1

Anyone got bestpractices for how to mount a nfsshare from Sun(Oracle) Unified Storage? We run the usual hard and nfs4 on debian squeeze. We run our VMs through this NFS share with Xen. When our SAN on friday losed a disk and started resilvering(rebuilding), all the nfs shares stailed and one of our Dom0 crashed quite bad with the nfs share making a lot of vms go down. Is there any mount options which makes this more seamlessly errorful?

hesten
  • 11
  • 2

2 Answers2

1

I don't know much about Debian and neither about NFSv4.

But if the mount options are still the same as with NFSv3 my favorites (for any nfs-client-mount an any os) are:

  • hard (so keep retrying without exponential backoff of retry times)
  • bg (keep trying in the background without stopping anything "behind" the mount)
  • intr (if you really want - you can kill the mount without rebooting your client)

rsize and wsize are tuned up to reasonable sizes per default nowadays - look at your lokcal man-page.

I used to use "wsize=32768,rsize=32768" to get better tranfer rates before that.

You also have to take care on the nfs-server-side (if NFSv4 is still the same here as NFSv3):

  1. First start all NFS-Services
  2. Last start the Service-IP for the NFS-Services

Else the client will try to reconnect against an empty "nfs-service" and will fail instead of retry.

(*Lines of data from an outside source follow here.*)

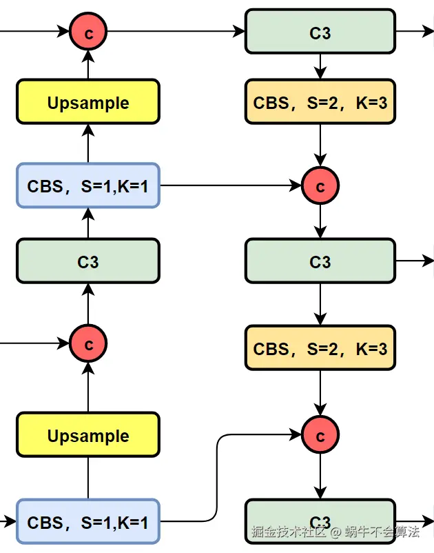 融合后的P3 → 下采样 → 与P4融合 → 下采样 → 与P5融合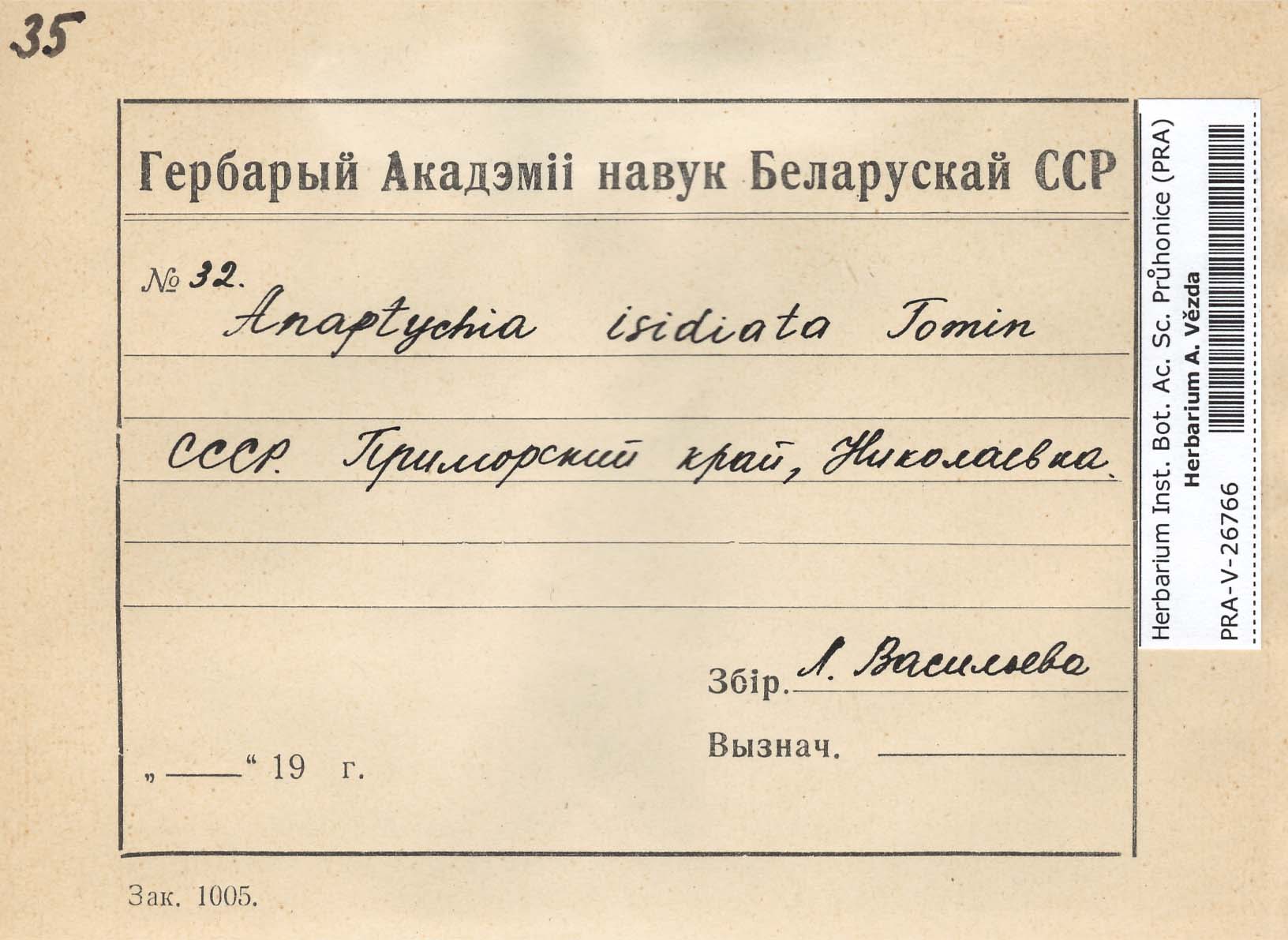 - Deposited in parcel no. 56 Tornabenia, Heterodermia, Anaptychia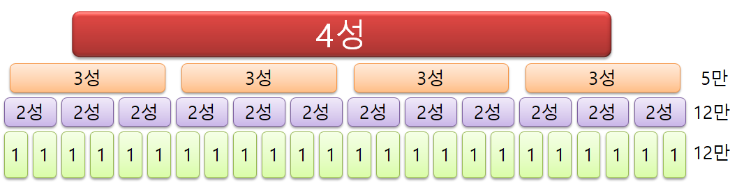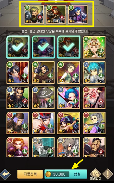 2성 무장 3명은 3만 골드를 사용하여 3성 무장으로 합성됩니다.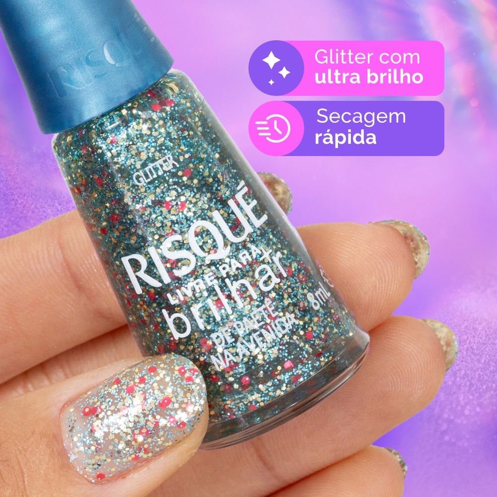 Deixe suas unhas brilharem como nunca! Apresente um toque de glamour e diversão ao seu look com o esmalte Risqué Livre Para Brilhar - De Paetê na Avenida. Uma explosão de glitter e sofisticação que tr
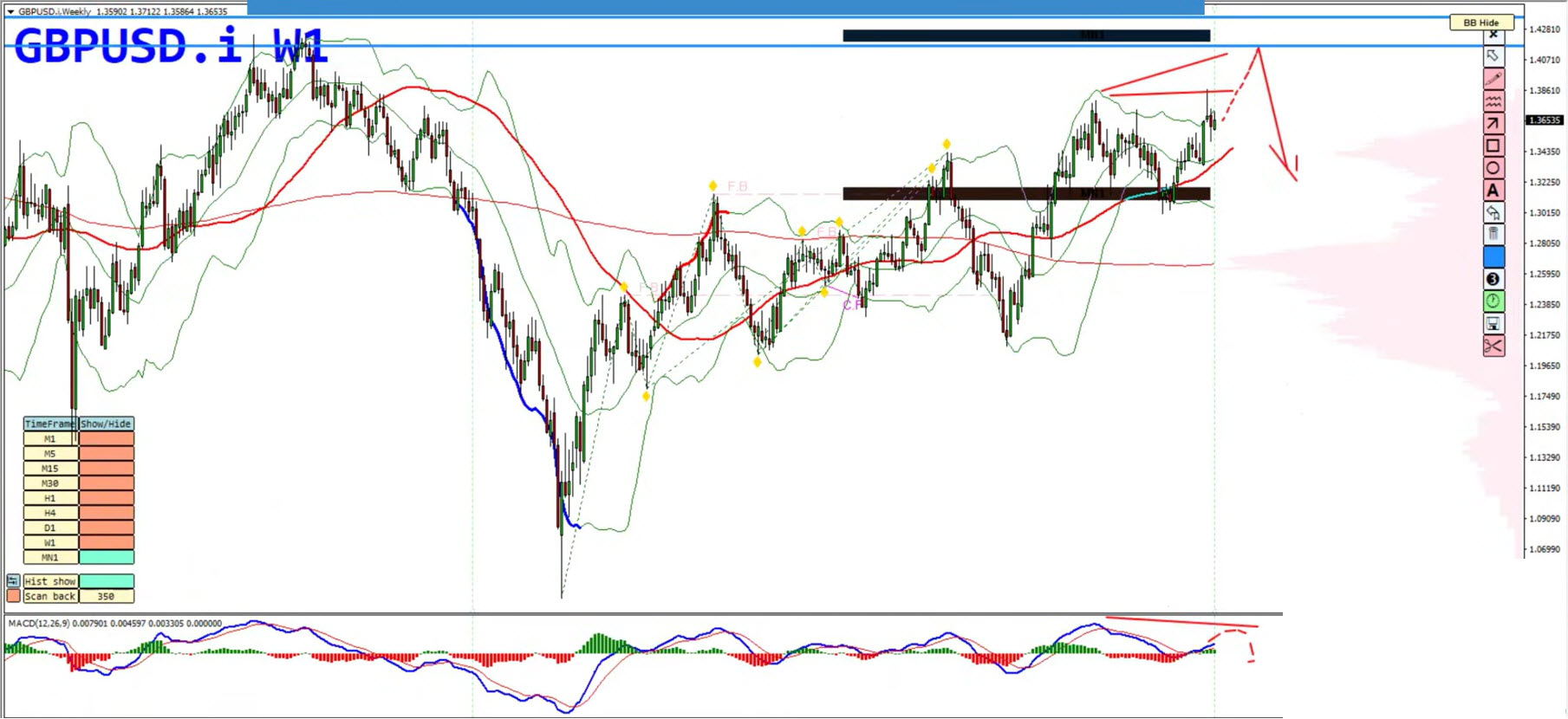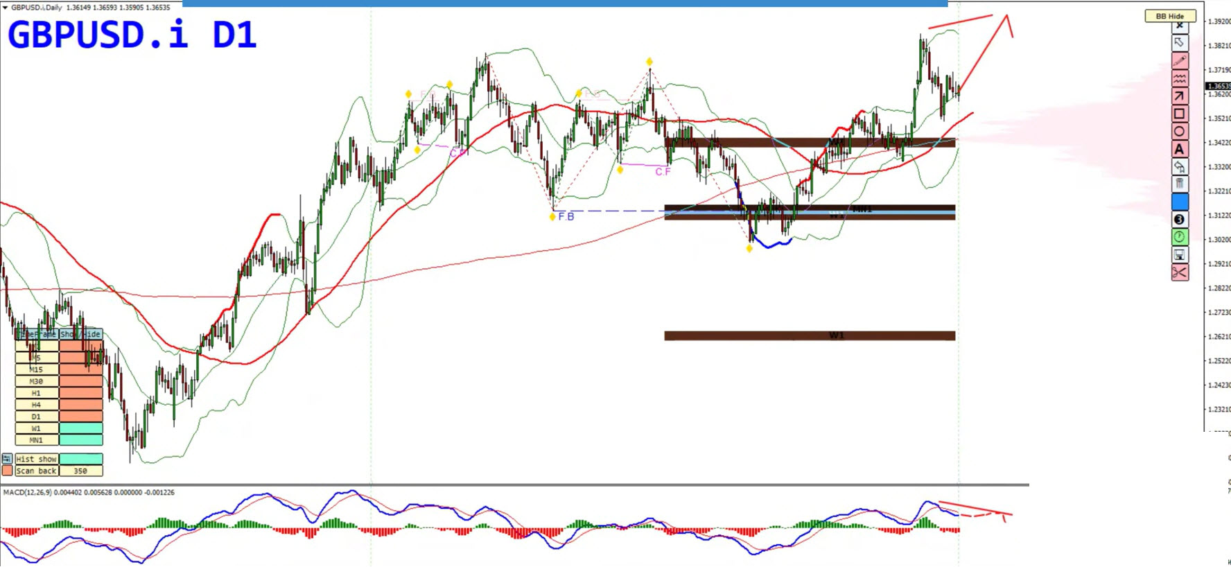 Pullbacks into resistance areas align with potential bearish hidden divergence (lower highs on price with higher highs on MACD histogram).

BTW - what has SAN to do (in this case) with Sun Unified Storage? What happened when you "lost" your SAN? Why did the rebuild process break things? Was the storage not redundant?

Nils
  • 7,695
  • 3
  • 34
  • 73
  • FWIW, Linux no longer supports the intr option. From nfs(5): "The intr / nointr mount option is deprecated after kernel 2.6.25. Only SIGKILL can interrupt a pending NFS operation on these kernels and if specified, this mount option is ignored to provide backwards compatibility with older kernels." – janneb Jun 13 '11 at 18:40
1

I was having a similar problem with XenServer not long ago and I did some research on it. Apparently for some reasons XenServer uses soft mounts with relatively short short timeout for their NFS mounts. Some, people suggested modifying the mount script directly on xen server, since mount options are not configurable in any other way. Apparently thisis the only way. We do not have this problem anymore since we 100% on vmware now and it is more resilient to NFS slowdowns.

The actual problem however lays with reduced write performance of underlaying storage and it highly depends on your RAID controller (i.e. how much performance degrades during rebuilds). You can try to play with priority settings of array rebuilds, however it made no difference on my controller (Adaptec 5085). You can potentially improve the situation a little by buying more memory for the NFS server. This way NFS daemon will write only journal entry but it will keep data in the FS cache till better times, but again it may or may not help depending on your situation.

I also noticed that this problem more often occurs on storage with parity (i.e. RAID-5 and RAID-6), so we try to use mirrored storage for our virtual machines whenever possible.

dtoubelis
  • 4,677
  • 1
  • 29
  • 32